Finalmente, trajeron libros de autores considerados
reaccionarios o antialemanes, junto con algunos símbolos
de la autoridad monárquica y de la influencia francesa, y
los fueron arrojando uno por uno a una hoguera. Entre los
libros figuraba prominentemente el primer volumen de la
Restauración de la ciencia política del suizo Carl Ludwig
von Haller.
¿Quién era Carl Ludwig von Haller, para que los
estudiantes del Festival de Wartburg considerasen su obra
digna de la hoguera? Su nombre ciertamente es
prácticamente desconocido en la actualidad, y sin embargo
durante mucho tiempo fue considerado sinónimo de la
Contrarrevolución y la Reacción, y solía mencionarse junto
con los de Joseph de Maistre, Louis de Bonald y Edmund
Burke. Según el economista decimonónico Wilhelm
Roscher, Haller fue “sin duda el más honesto, el más
consistente e implacable [intelectualmente]” de todos los
reaccionarios alemanes.
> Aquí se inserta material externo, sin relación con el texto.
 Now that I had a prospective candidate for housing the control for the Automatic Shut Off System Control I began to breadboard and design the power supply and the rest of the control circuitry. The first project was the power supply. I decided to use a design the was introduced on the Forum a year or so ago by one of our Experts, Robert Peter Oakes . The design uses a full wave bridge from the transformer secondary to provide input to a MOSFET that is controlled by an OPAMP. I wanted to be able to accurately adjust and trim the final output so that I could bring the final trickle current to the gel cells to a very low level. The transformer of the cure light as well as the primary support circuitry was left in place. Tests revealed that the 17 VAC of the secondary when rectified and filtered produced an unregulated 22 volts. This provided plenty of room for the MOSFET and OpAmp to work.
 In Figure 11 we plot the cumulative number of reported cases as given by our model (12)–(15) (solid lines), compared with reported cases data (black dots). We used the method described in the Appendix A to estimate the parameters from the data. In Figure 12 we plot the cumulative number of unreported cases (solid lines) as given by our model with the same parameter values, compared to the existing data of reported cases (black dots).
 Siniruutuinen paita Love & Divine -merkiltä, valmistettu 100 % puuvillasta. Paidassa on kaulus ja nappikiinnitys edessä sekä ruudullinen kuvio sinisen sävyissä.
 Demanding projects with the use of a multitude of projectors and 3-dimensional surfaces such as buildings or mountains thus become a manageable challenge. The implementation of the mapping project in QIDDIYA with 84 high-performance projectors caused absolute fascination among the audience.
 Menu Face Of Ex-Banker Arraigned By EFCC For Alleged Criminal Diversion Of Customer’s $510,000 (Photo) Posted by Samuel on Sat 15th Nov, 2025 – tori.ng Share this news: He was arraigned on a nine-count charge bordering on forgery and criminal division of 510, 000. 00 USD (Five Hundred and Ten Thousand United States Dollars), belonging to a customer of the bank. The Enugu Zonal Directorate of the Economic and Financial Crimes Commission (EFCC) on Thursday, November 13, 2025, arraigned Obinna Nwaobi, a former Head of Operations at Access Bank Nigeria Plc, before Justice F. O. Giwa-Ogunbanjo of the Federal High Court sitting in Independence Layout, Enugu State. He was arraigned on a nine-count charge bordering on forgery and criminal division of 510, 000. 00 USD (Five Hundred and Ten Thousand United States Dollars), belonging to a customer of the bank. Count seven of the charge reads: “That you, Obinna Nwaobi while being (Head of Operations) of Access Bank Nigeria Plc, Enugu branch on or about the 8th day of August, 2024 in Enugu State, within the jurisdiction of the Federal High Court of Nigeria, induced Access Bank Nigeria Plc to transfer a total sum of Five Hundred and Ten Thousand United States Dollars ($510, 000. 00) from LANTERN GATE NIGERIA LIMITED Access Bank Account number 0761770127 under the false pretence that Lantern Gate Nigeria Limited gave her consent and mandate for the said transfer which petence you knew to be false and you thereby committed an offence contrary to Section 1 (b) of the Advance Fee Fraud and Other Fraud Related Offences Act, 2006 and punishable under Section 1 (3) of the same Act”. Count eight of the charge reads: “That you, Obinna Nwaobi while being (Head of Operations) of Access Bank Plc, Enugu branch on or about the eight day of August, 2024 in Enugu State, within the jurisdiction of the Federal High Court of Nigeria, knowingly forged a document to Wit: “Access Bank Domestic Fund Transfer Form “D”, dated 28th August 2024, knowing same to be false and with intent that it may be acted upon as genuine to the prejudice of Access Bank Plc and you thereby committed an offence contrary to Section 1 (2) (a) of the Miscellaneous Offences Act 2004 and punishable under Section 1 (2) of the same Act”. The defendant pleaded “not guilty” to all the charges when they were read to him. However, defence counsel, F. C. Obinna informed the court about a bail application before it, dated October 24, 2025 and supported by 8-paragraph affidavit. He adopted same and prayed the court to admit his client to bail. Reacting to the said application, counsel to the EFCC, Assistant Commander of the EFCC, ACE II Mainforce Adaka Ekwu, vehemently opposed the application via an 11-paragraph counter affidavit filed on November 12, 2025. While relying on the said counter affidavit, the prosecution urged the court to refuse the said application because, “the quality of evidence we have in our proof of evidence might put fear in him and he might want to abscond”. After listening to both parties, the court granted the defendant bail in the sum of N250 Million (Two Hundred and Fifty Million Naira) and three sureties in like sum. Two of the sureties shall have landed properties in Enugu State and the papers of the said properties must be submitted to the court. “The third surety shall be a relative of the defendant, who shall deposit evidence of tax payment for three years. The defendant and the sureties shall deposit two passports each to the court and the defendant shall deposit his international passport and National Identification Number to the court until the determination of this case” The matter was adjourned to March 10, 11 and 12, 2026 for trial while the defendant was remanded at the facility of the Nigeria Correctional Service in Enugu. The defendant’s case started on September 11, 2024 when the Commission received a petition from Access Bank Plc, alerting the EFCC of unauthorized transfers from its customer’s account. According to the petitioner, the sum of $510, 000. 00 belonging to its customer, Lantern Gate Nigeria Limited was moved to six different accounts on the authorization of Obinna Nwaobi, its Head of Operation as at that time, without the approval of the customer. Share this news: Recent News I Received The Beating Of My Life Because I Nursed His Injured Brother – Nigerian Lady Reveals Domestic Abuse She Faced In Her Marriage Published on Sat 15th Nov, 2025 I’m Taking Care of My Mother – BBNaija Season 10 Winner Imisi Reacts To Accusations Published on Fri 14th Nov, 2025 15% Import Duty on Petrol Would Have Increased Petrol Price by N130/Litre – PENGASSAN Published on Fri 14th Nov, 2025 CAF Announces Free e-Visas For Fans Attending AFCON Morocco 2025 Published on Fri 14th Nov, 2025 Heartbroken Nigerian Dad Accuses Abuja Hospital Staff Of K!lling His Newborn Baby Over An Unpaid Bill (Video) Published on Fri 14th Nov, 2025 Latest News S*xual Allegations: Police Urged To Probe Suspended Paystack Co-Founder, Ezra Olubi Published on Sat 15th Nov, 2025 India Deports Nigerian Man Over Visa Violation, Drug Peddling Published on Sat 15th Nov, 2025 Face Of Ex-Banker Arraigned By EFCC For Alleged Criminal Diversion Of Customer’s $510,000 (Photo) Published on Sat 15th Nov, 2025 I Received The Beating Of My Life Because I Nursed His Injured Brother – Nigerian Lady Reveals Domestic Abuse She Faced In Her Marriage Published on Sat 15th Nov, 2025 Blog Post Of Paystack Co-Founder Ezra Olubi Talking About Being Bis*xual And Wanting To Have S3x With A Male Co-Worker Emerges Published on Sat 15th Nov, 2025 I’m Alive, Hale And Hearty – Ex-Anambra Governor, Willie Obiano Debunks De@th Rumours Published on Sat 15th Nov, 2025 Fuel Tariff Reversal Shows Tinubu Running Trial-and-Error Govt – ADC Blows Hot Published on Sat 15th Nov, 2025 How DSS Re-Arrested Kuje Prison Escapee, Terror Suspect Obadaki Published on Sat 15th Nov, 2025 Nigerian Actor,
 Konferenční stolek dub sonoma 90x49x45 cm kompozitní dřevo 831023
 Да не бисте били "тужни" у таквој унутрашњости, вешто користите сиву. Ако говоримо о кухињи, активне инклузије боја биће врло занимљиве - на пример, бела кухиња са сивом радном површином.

Ningún otro proporcionó “una
reacción tan grandiosa, consistente y sistemática”. Nacido
en 1768 en una familia patricia de la Ciudad y República de
Berna (su abuelo era el poeta y científico Albrecht von
Haller), Haller vivió la Revolución francesa y la invasión
por los ejércitos de la República francesa de la vieja
Confederación Suiza, que fue sustituida por la centralizada
República Helvética, una de las “repúblicas hermanas” de
Francia, en 1798. Obligado a huir por sus críticas al nuevo
gobierno, pasó varios años en Alemania hasta que en 1806
regresó a Berna, en donde se convirtió en profesor de
derecho político en la Academia de Berna. Entre 1816 y
1834 publicó su Restauración de la ciencia política, o
teoría del estado social natural, opuesto a la quimera de un
estado civil artificial con la que esperaba aniquilar las ideas
que habían provocado la Revolución. Por causa de su
conversión al catolicismo en 1820 se vio obligado a
abandonar de nuevo Berna. Murió en 1854 en el cantón
católico de Soleura.
Horrorizado por los crímenes y el despotismo de la
Revolución francesa y su sucesor napoleónico y
convencido de que todos los males de la Revolución y la
Revolución misma provenían de las doctrinas políticas de
la Ilustración, lo que llama el supuesto sistema filosófico,
especialmente la doctrina del contrato social y la
delegación de poder, Haller se propuso destruir estas
doctrinas y poner en su lugar una doctrina alternativa
contraria, “que conciliase la experiencia y la razón, y
sirviera de tabla de salvación a todos los hombres de bien”.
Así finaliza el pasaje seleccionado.